[Opening SUPPLIED DATA section]

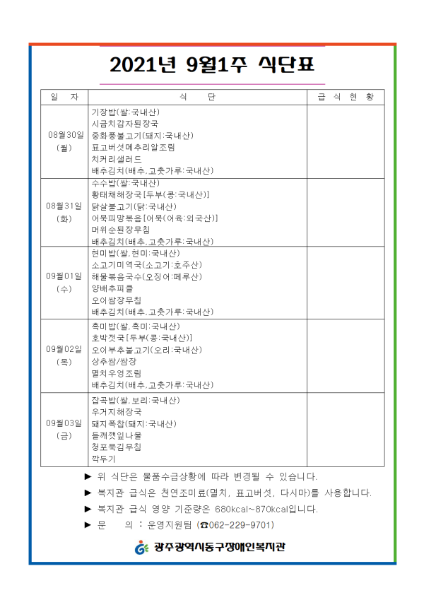 2021년 9월1주 식단표 게시글 작성정보 작성자 류현진 작성일 21-08-27 17:12 조회수 1,710 댓글수 0 목록 게시글 본문 첨부파일 1개 8.30.~9001.png (39.3K) 5회 다운로드 첨부일시 : 2021-08-27 17:12:00 이전글 송편 만들기 꾸러미 체험자 모집 21-09-02 다음글 2021년 8월4주 식단표 21-08-20 댓글 0 등록된 댓글이 없습니다. 목록
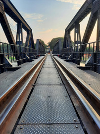 Heute ist es ein friedlicher Ort und die (wieder errichtete) Brücke ist der Touristenmagnet der Stadt. Den Film "Die Brücke am Kwai" haben wir zwar nicht gesehen, aber faszinierend ist es allemal, hier über die Gleise zu spazieren. Wir hatten großes Glück und haben zufälligerweise den letzten der sechs täglichen Züge gesehen, die hier trotz Fußgängern noch über die Brücke fahren.
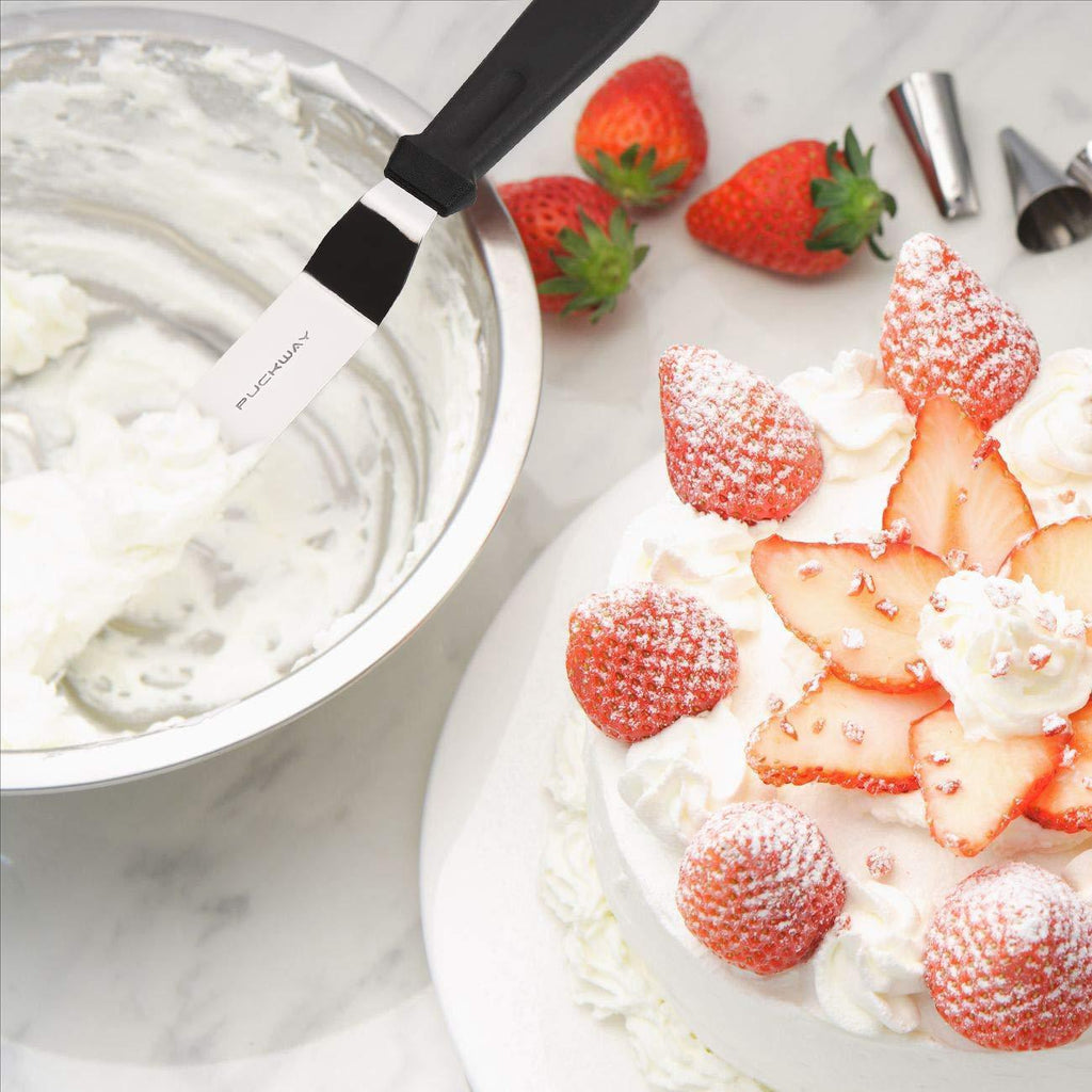 TWO PROFESSIONAL CAKE DECORATING SPATULAS: Our offset spatula set comes in two different sizes: 6" - 8" blade, This is your best choice to decorate a caker perfectly.
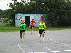 昼休みの後半は,入場の練習をしました。トラックの中央を真っ直ぐに入場します。中央の線を意識しながら,2人で入場します。
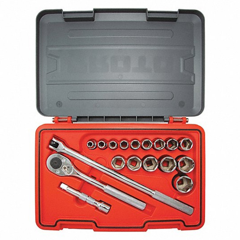 These SAE socket sets come with drive tools and an assortment of sockets for a range of fastener sizes. They come in sizes that are measured in inches and fractions of an inch to fit fasteners with an SAE (inch) size head
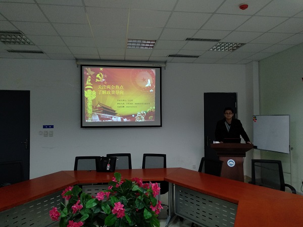 首先,党支部书记张静就两会最受关注的几点问题进行详细阐释,帮助党支部成员对两会内容形成更为宏观、全面的认识和理解。支部预备党员于泊明以“民众最为关注的两会热点问题”为切入点,进行了名为《关注两会热点、聚焦民众视点》的主题报告。
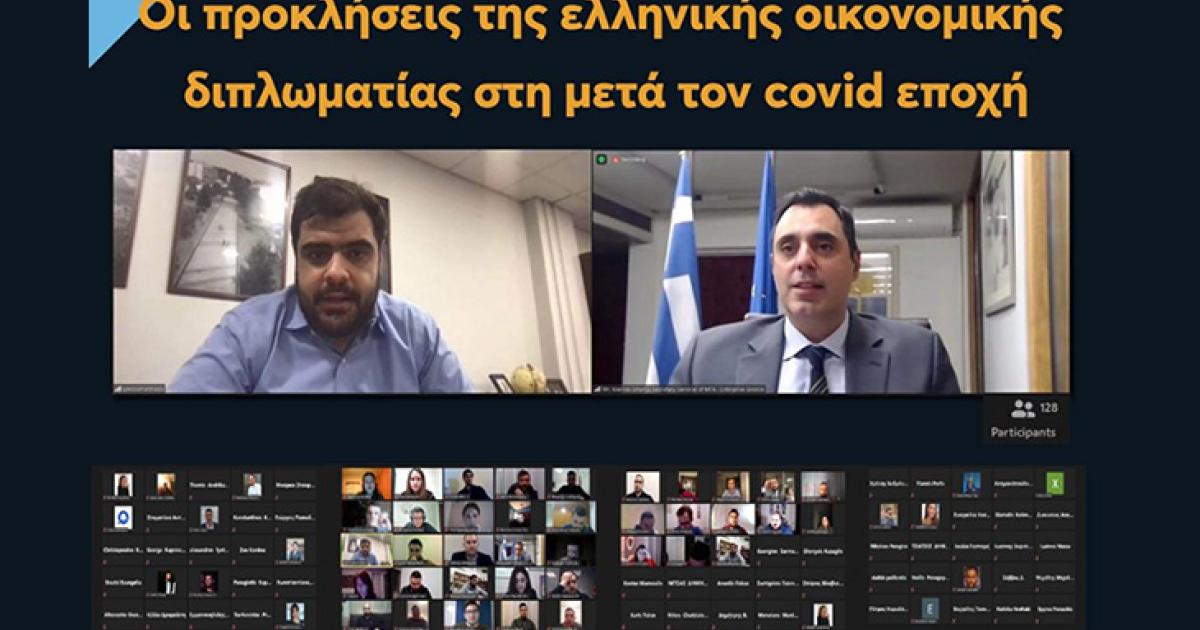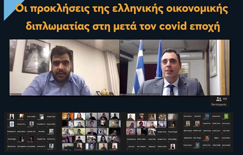 Προσκεκλημένος και κεντρικός ομιλητής ήταν ο Γενικός Γραμματέας Διεθνών Οικονομικών Σχέσεων και Εξωστρέφειας του Υπουργείου Εξωτερικών και Πρόεδρος της Enterprise Greece Γιάννης Σμυρλής, ο οποίος συνομίλησε με τα στελέχη της ΟΝΝΕΔ για το σημαίνοντα ρόλο της οικονομικής διπλωματίας, μιλώντας για τις εξελίξεις στον τομέα και απαντώντας στις ερωτήσεις τους. Χαιρετισμό απηύθυνε ο Πρόεδρος της ΟΝΝΕΔ Παύλος Μαρινάκης, ενώ τη συζήτηση συντόνισε ο αν. Υπεύθυνος Πολιτικής Ακαδημίας Γρηγόρης Μπεκατώρος.
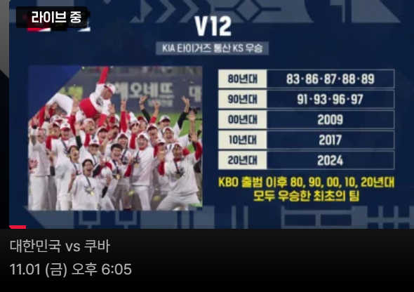 - 티빙(TVING): OTT 플랫폼인 티빙에서는 가입자라면 어디서나 모바일, PC, 스마트 TV 등을 통해 실시간 중계를 시청할 수 있습니다. 티빙은 프리미어12 평가전뿐만 아니라 다양한 스포츠 콘텐츠를 제공하고 있어 손쉽게 이용할 수 있습니다.
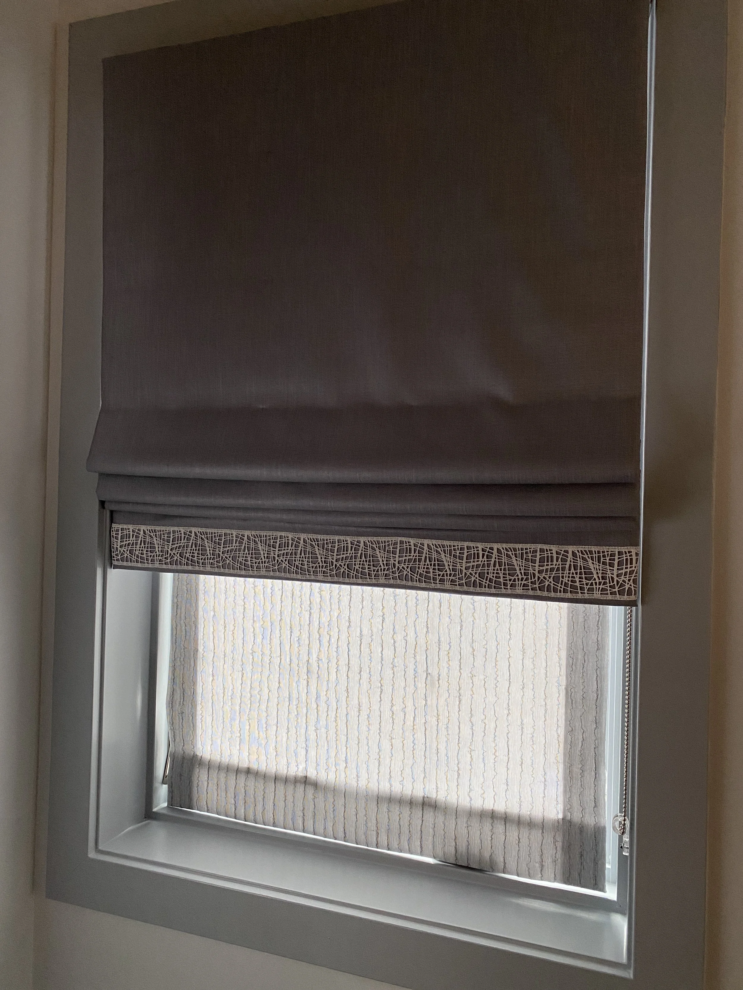 They’re great when you want a fabric window treatment, but can’t do curtains because of an obstruction (floor vent, radiator, limited wall space). This is actually a double shade treatment. A sheer fabric was used to provide privacy with sunlight, the top shade is total blackout. These really compliment the design of the room.
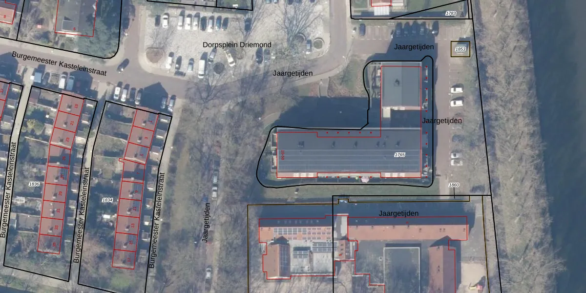 Het perceel waarop Jaargetijden 38 staat heeft een oppervlakte van 1656 m². Dit is een zeer groot perceel. De perceeloppervlakte wordt geregistreerd door het Kadaster. Gedetailleerde informatie over de maten van dit perceel kunt u vinden in het rapport Kadastrale kaart met maatvoering van Jaargetijden 38.
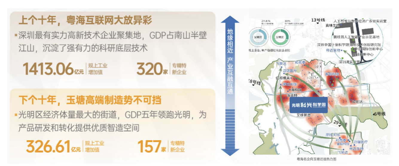 产研结合奠定了粤海街道的成功,玉塘现已汇聚168个科研实验室,20余支院士团队,科研院所人才4400人。通过深圳最强科创中轴线的链接,将加速两地产业、人才的互联
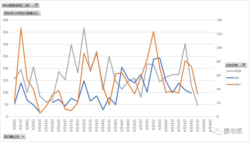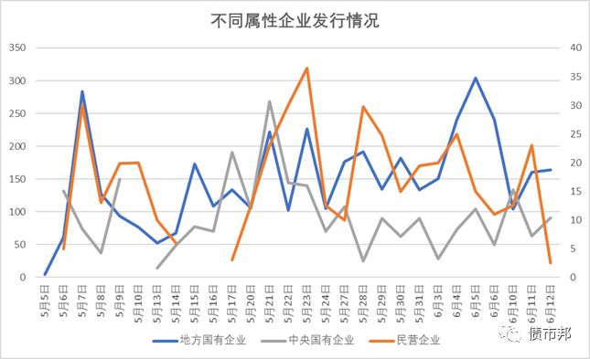 從不同評級發行情況來看,AAA級發行人和AA發行人保持了一致的發行節奏,沒有出現AAA瘋搶AA遇冷的情況;從不同所有制企業發行情況來看到,也沒有發現民企債被拋棄的情況(民企債券以前沒有好發,現在也談不上拋棄)
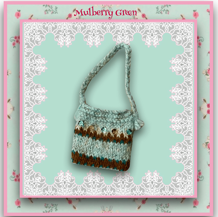 A sweet little knitted bag in duck egg blue flecked wool with a Fair Isle pattern on the front. The bag is lined with a vintage hot air balloon fabric and is decorated with sequins. It matches the other items in the Beautiful Balloons collection and is just the perfect size for the Mulberry Green characters.
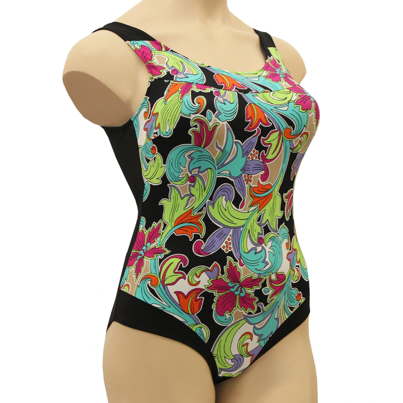 Купальник К0792-1Ч П182 Цветной орнамент на черном
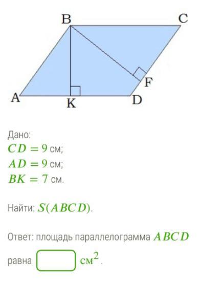 Площадь параллелограмма равна произведению стороны на высоту, проведённую к ней.
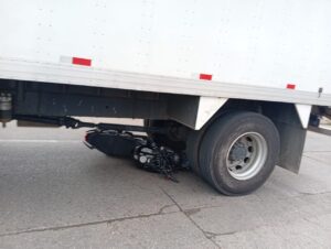 El accidente sucedió cuando ambas unidades transitaban de poniente a oriente sobre Juan Osorio, pero en una peligrosa maniobra, el motociclista colisionó contra el camión y terminó la moto debajo del vehículo de carga.

[Closing SUPPLIED DATA section]

Transcribe all of the material exactly, leaving out whatever pictures it contains.

 2021년 9월1주 식단표 게시글 작성정보 작성자 류현진 작성일 21-08-27 17:12 조회수 1,710 댓글수 0 목록 게시글 본문 첨부파일 1개 8.30.~9001.png (39.3K) 5회 다운로드 첨부일시 : 2021-08-27 17:12:00 이전글 송편 만들기 꾸러미 체험자 모집 21-09-02 다음글 2021년 8월4주 식단표 21-08-20 댓글 0 등록된 댓글이 없습니다. 목록
 Heute ist es ein friedlicher Ort und die (wieder errichtete) Brücke ist der Touristenmagnet der Stadt. Den Film "Die Brücke am Kwai" haben wir zwar nicht gesehen, aber faszinierend ist es allemal, hier über die Gleise zu spazieren. Wir hatten großes Glück und haben zufälligerweise den letzten der sechs täglichen Züge gesehen, die hier trotz Fußgängern noch über die Brücke fahren.
 TWO PROFESSIONAL CAKE DECORATING SPATULAS: Our offset spatula set comes in two different sizes: 6" - 8" blade, This is your best choice to decorate a caker perfectly.
 昼休みの後半は,入場の練習をしました。トラックの中央を真っ直ぐに入場します。中央の線を意識しながら,2人で入場します。
 These SAE socket sets come with drive tools and an assortment of sockets for a range of fastener sizes. They come in sizes that are measured in inches and fractions of an inch to fit fasteners with an SAE (inch) size head
 首先,党支部书记张静就两会最受关注的几点问题进行详细阐释,帮助党支部成员对两会内容形成更为宏观、全面的认识和理解。支部预备党员于泊明以“民众最为关注的两会热点问题”为切入点,进行了名为《关注两会热点、聚焦民众视点》的主题报告。
 Προσκεκλημένος και κεντρικός ομιλητής ήταν ο Γενικός Γραμματέας Διεθνών Οικονομικών Σχέσεων και Εξωστρέφειας του Υπουργείου Εξωτερικών και Πρόεδρος της Enterprise Greece Γιάννης Σμυρλής, ο οποίος συνομίλησε με τα στελέχη της ΟΝΝΕΔ για το σημαίνοντα ρόλο της οικονομικής διπλωματίας, μιλώντας για τις εξελίξεις στον τομέα και απαντώντας στις ερωτήσεις τους. Χαιρετισμό απηύθυνε ο Πρόεδρος της ΟΝΝΕΔ Παύλος Μαρινάκης, ενώ τη συζήτηση συντόνισε ο αν. Υπεύθυνος Πολιτικής Ακαδημίας Γρηγόρης Μπεκατώρος.
 - 티빙(TVING): OTT 플랫폼인 티빙에서는 가입자라면 어디서나 모바일, PC, 스마트 TV 등을 통해 실시간 중계를 시청할 수 있습니다. 티빙은 프리미어12 평가전뿐만 아니라 다양한 스포츠 콘텐츠를 제공하고 있어 손쉽게 이용할 수 있습니다.
 They’re great when you want a fabric window treatment, but can’t do curtains because of an obstruction (floor vent, radiator, limited wall space). This is actually a double shade treatment. A sheer fabric was used to provide privacy with sunlight, the top shade is total blackout. These really compliment the design of the room.
 Het perceel waarop Jaargetijden 38 staat heeft een oppervlakte van 1656 m². Dit is een zeer groot perceel. De perceeloppervlakte wordt geregistreerd door het Kadaster. Gedetailleerde informatie over de maten van dit perceel kunt u vinden in het rapport Kadastrale kaart met maatvoering van Jaargetijden 38.
 产研结合奠定了粤海街道的成功,玉塘现已汇聚168个科研实验室,20余支院士团队,科研院所人才4400人。通过深圳最强科创中轴线的链接,将加速两地产业、人才的互联
 從不同評級發行情況來看,AAA級發行人和AA發行人保持了一致的發行節奏,沒有出現AAA瘋搶AA遇冷的情況;從不同所有制企業發行情況來看到,也沒有發現民企債被拋棄的情況(民企債券以前沒有好發,現在也談不上拋棄)
 A sweet little knitted bag in duck egg blue flecked wool with a Fair Isle pattern on the front. The bag is lined with a vintage hot air balloon fabric and is decorated with sequins. It matches the other items in the Beautiful Balloons collection and is just the perfect size for the Mulberry Green characters.
 Купальник К0792-1Ч П182 Цветной орнамент на черном
 Площадь параллелограмма равна произведению стороны на высоту, проведённую к ней.
 El accidente sucedió cuando ambas unidades transitaban de poniente a oriente sobre Juan Osorio, pero en una peligrosa maniobra, el motociclista colisionó contra el camión y terminó la moto debajo del vehículo de carga.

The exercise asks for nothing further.